I remember waking up and feeling like I was choking. That’s why I left my ex-fiancé. The relationship was killing me because he was so controlling, but I was scared to leave him too. How was I going to rebuild my life and how could I avoid getting into a relationship with another controlling man again?
I started slowly and focused on the little things. I rented an apartment, bought groceries, cooked, and kept the place clean. I went to work and worked hard. I read a lot of self-help books. I began exercising, and the endorphin rush kept me from feeling too down. I also called my family a lot and leaned on them for support. At first, it was difficult to spend so much time alone. My ex had not wanted me to make friends and kept me very isolated, so I had to go through all the work it takes to meet new people and build a network of friends. It took a long time, but it was worth it. Those social relationships kept me from entering another relationship too soon, and I had a lot of work to do first.

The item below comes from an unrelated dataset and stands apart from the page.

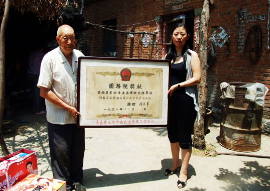手捧1958年周恩来总理颁发的国务院奖状合影
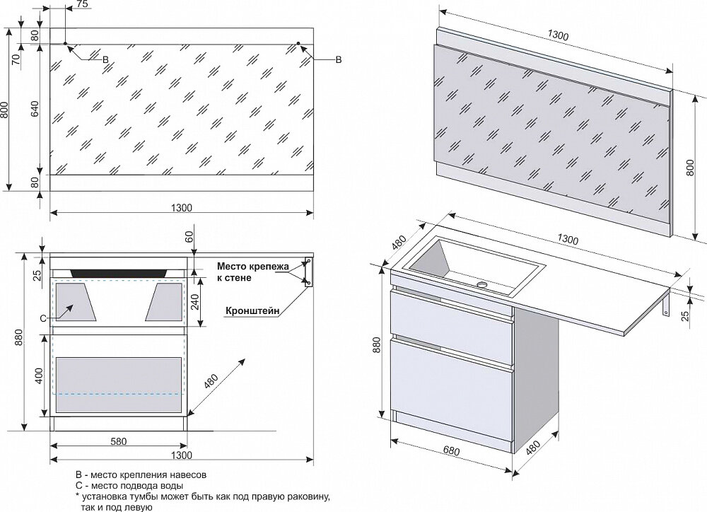 | Шкаф/зеркальный шкаф в комплекте | Нет |

I wanted to examine why I had chosen such a controlling partner. I realized the signs were there from the beginning. He wanted to move the relationship too quickly. I had agreed because I thought it was a sign he really liked me, but it was actually his way of controlling the pace of the relationship. I had wanted to leave him several times, but never seemed to have the strength to do it. I had to learn to trust my gut reactions. After all, if a relationship is not working for one of us, it ultimately won’t work for both of us, and it is better to cut ties when I first realize it. By understanding the early signs of controlling behavior and becoming willing to leave bad relationships, I felt confident I would not pick a controlling partner again or would not stay with one once I recognized the behavior.
Give It Time
It took a long time before I was ready to try again. I had to readjust to living on my own, make friends, and determine how to avoid making the same mistake again. Leaving my ex was not easy, but I am glad I did it. I am glad to have my life back.